[DATASET]
>>

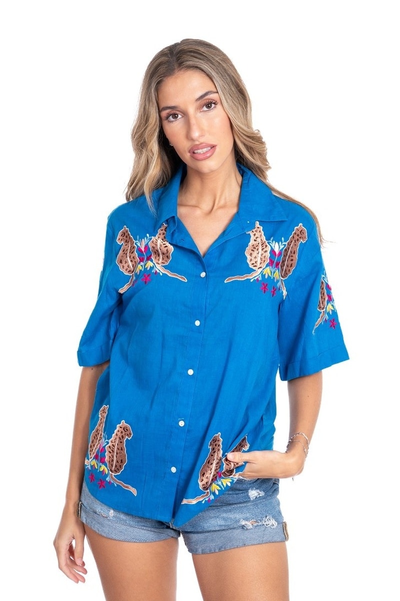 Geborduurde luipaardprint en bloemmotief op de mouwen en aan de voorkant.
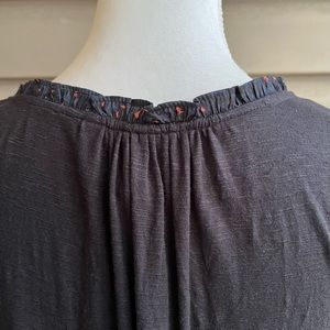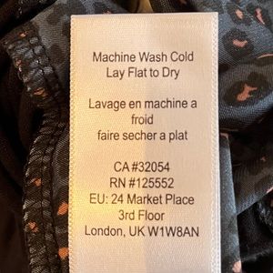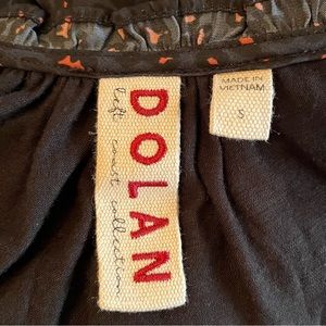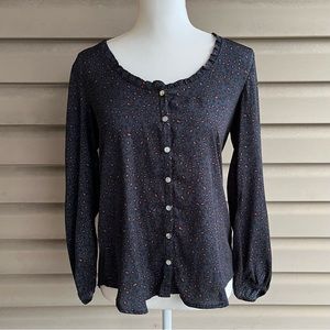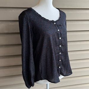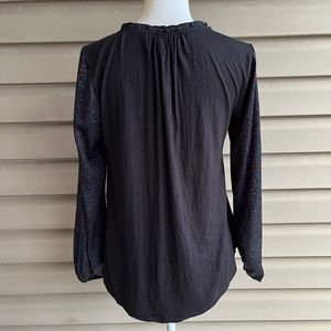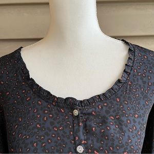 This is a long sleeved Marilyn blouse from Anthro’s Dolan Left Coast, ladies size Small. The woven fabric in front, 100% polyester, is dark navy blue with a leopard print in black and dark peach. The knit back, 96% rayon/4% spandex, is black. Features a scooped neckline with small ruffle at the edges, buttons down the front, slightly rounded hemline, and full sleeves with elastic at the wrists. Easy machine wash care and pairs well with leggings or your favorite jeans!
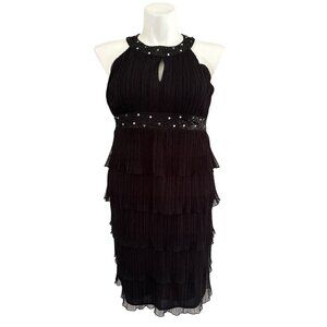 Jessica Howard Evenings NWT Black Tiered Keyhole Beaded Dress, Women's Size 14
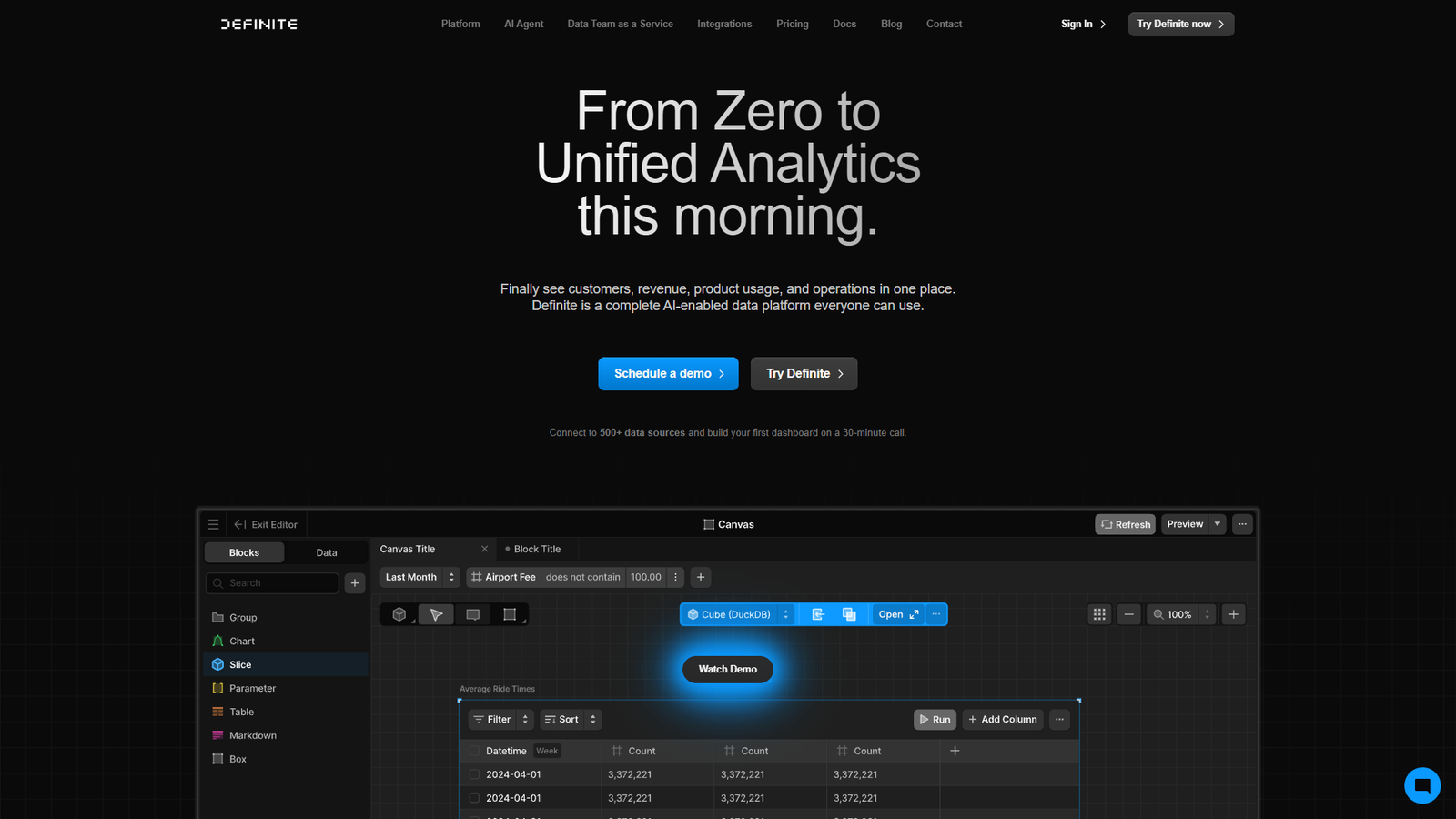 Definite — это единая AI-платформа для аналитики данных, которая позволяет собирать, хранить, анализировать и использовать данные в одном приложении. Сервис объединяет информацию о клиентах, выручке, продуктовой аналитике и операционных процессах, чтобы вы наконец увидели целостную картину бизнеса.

<<
>>

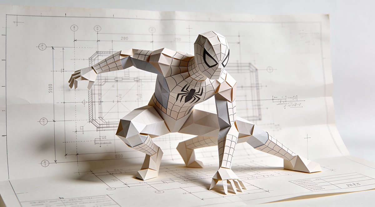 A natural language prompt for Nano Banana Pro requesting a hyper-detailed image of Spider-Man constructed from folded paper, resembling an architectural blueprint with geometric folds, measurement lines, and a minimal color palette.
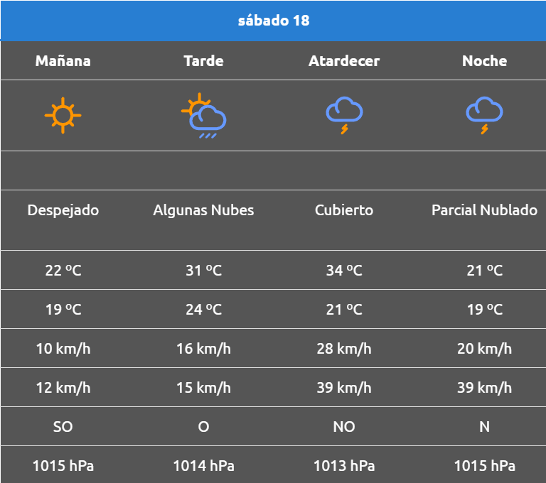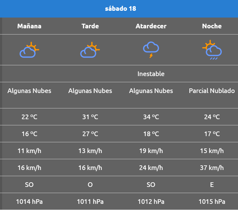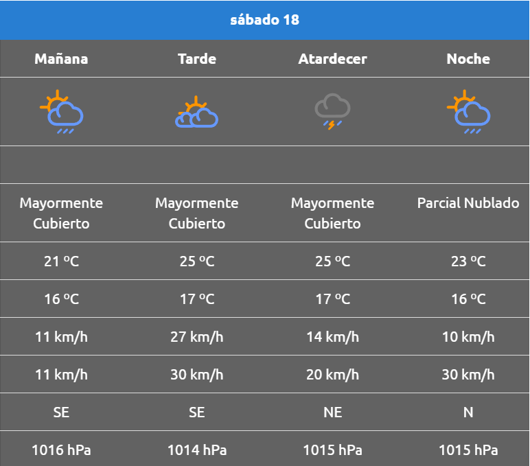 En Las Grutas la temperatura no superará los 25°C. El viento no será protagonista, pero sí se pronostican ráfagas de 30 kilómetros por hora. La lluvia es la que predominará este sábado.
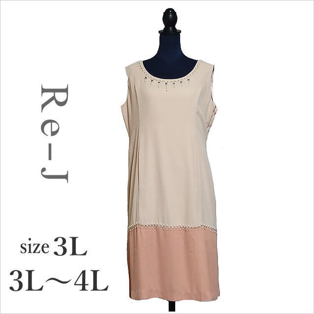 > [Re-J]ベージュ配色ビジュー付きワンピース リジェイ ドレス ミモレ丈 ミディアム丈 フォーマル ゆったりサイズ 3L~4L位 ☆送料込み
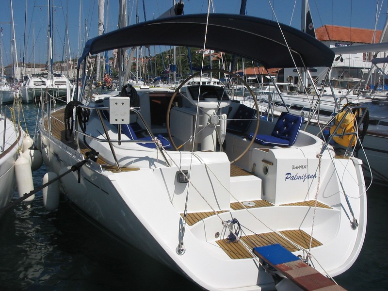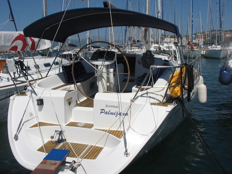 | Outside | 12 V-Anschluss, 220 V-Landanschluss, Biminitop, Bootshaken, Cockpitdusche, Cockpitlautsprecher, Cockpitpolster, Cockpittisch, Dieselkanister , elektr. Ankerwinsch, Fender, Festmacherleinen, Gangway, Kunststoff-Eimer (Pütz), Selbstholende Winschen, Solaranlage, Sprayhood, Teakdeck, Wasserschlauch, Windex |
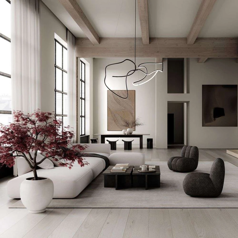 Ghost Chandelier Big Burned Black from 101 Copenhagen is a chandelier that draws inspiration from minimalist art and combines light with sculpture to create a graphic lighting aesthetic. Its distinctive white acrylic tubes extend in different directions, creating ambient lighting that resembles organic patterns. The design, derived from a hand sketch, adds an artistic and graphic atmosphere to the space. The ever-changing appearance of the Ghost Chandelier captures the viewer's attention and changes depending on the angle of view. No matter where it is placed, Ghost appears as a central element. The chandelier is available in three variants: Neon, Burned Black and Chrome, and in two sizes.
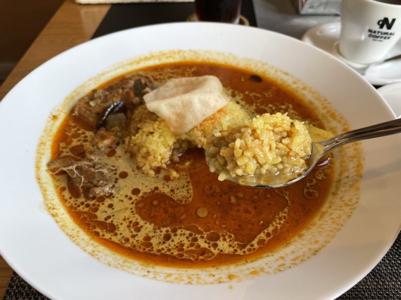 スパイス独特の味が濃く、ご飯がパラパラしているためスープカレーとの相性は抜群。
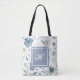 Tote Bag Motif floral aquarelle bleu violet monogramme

<<
>>

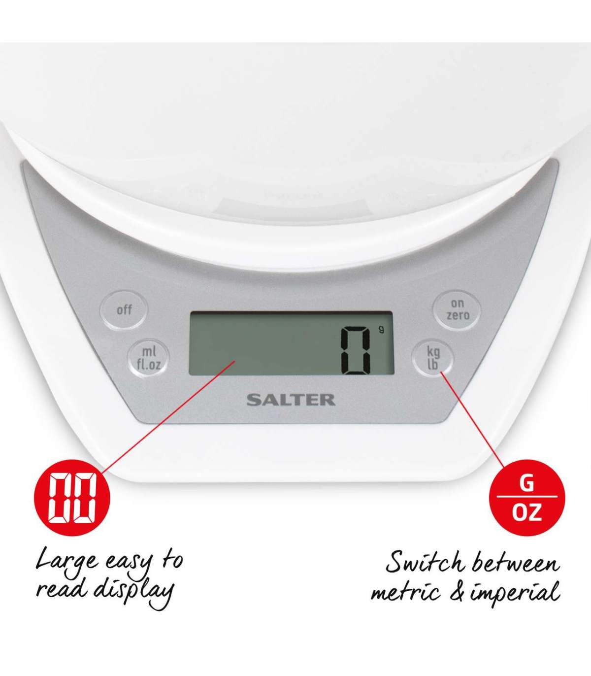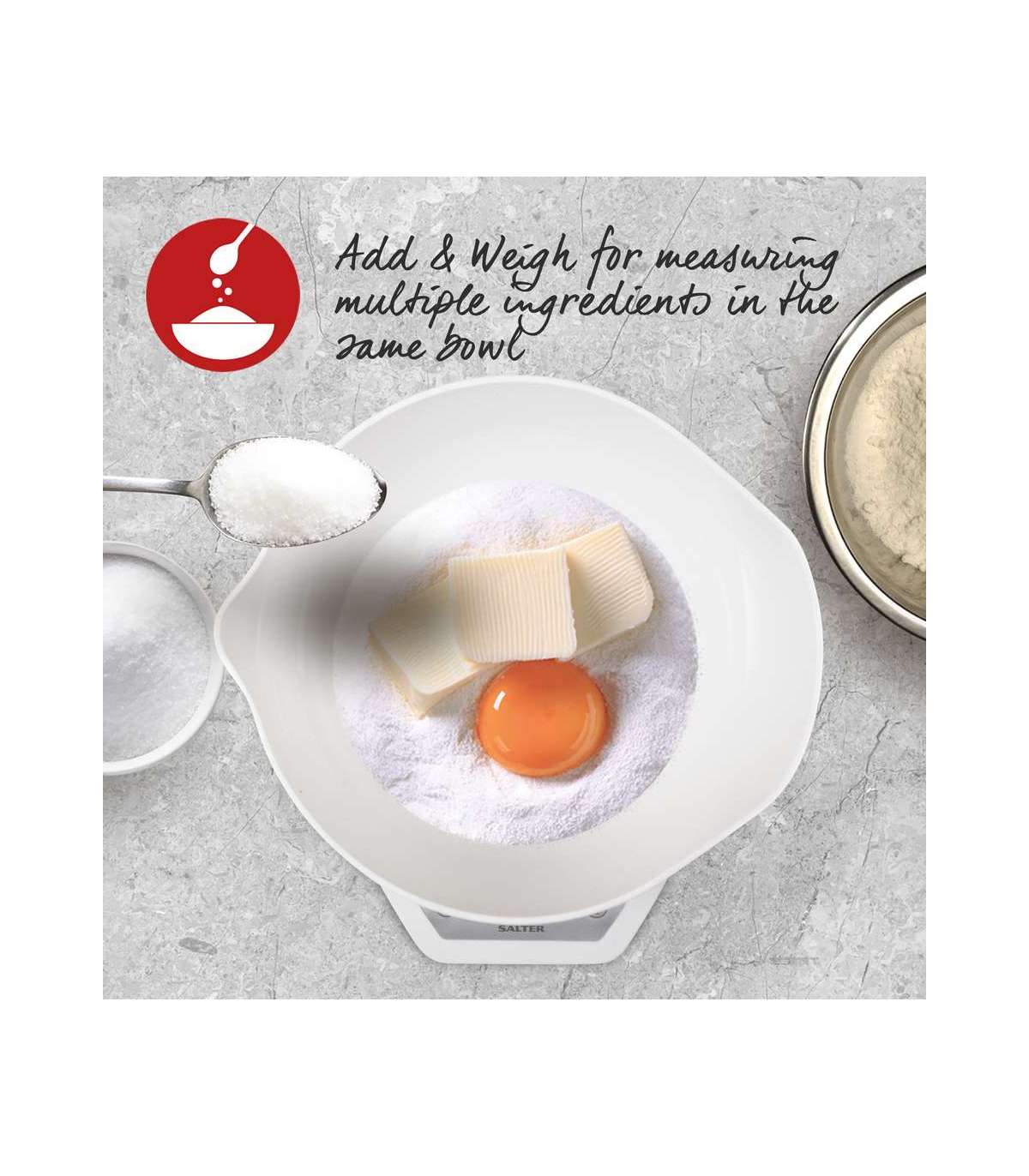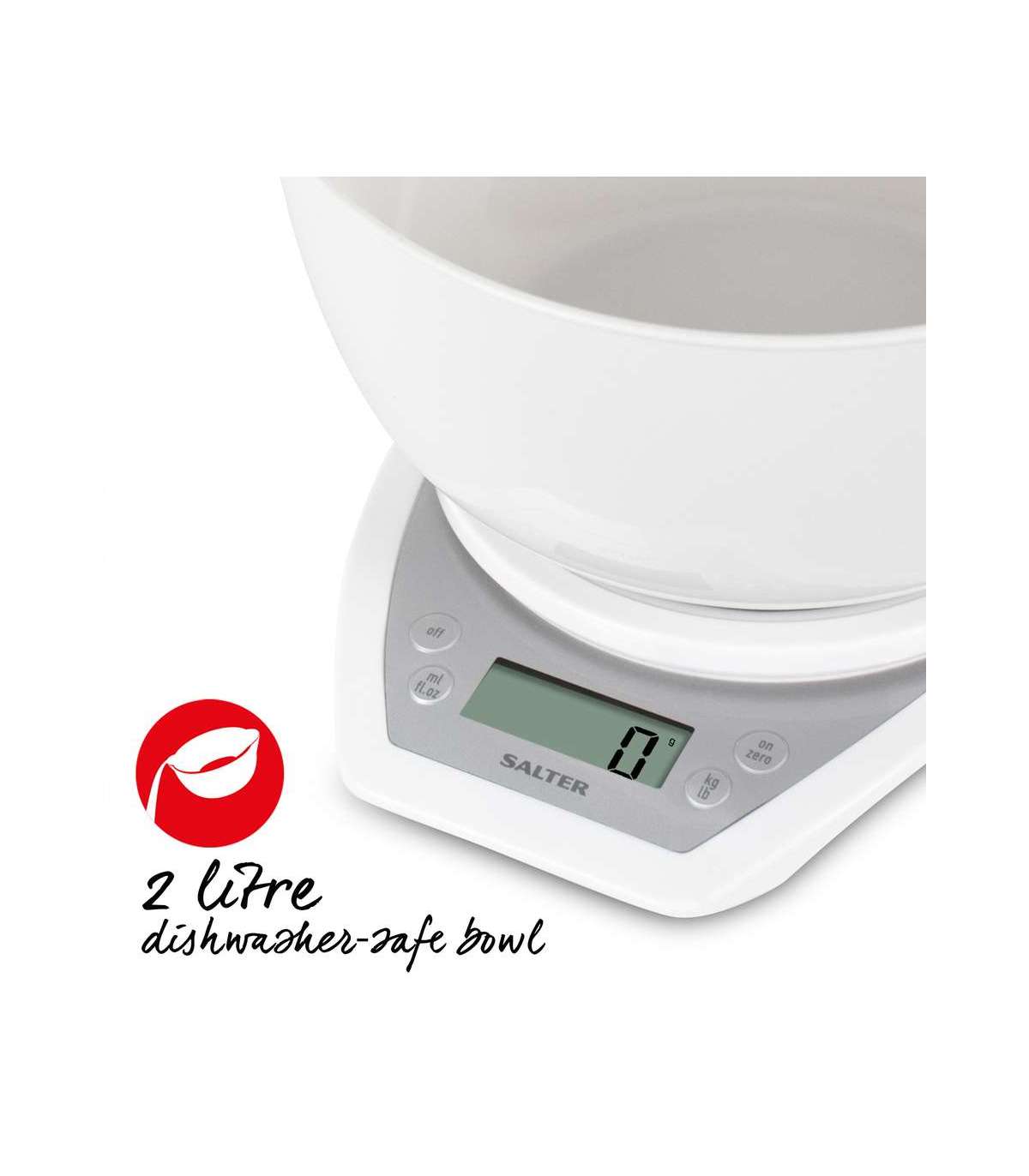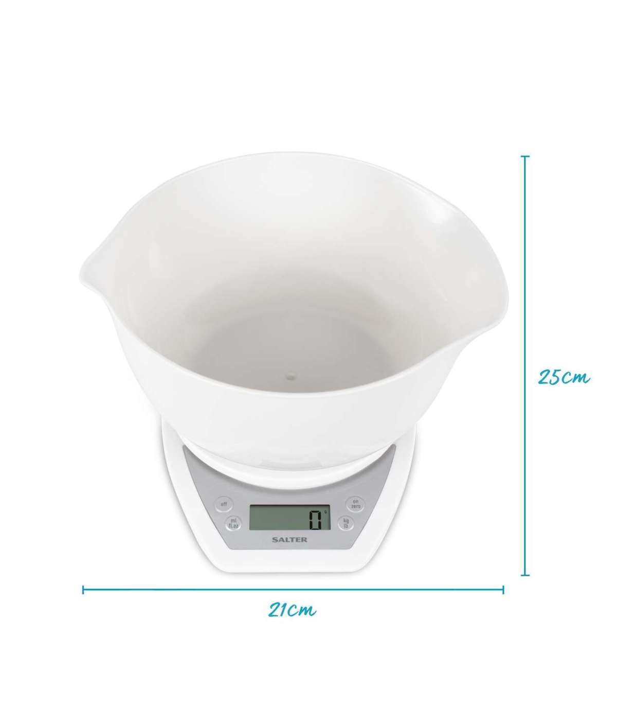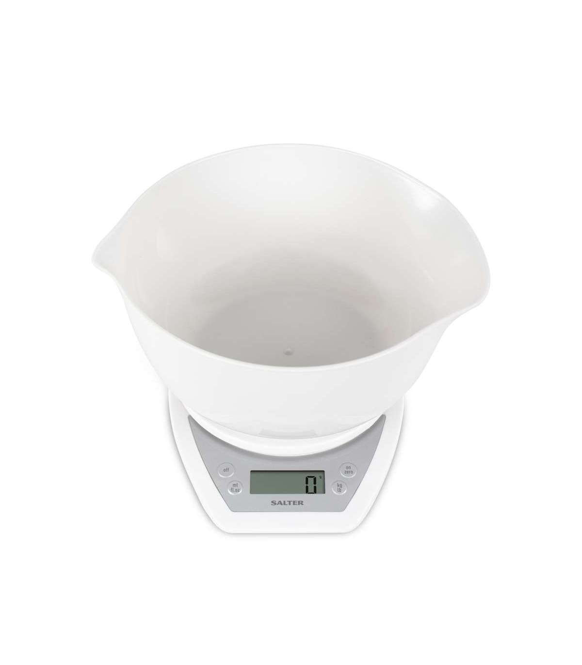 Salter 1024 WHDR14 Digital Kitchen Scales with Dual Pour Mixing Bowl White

<<

[EXERCISE] Beginning at the line above that contains "En Las Grutas", repeat each line exactly through the one that contains "ゆったりサイズ 3L~4L位 ☆送料込み", and leave out the pictures.

[EXERCISE RESPONSE]
 En Las Grutas la temperatura no superará los 25°C. El viento no será protagonista, pero sí se pronostican ráfagas de 30 kilómetros por hora. La lluvia es la que predominará este sábado.
 > [Re-J]ベージュ配色ビジュー付きワンピース リジェイ ドレス ミモレ丈 ミディアム丈 フォーマル ゆったりサイズ 3L~4L位 ☆送料込み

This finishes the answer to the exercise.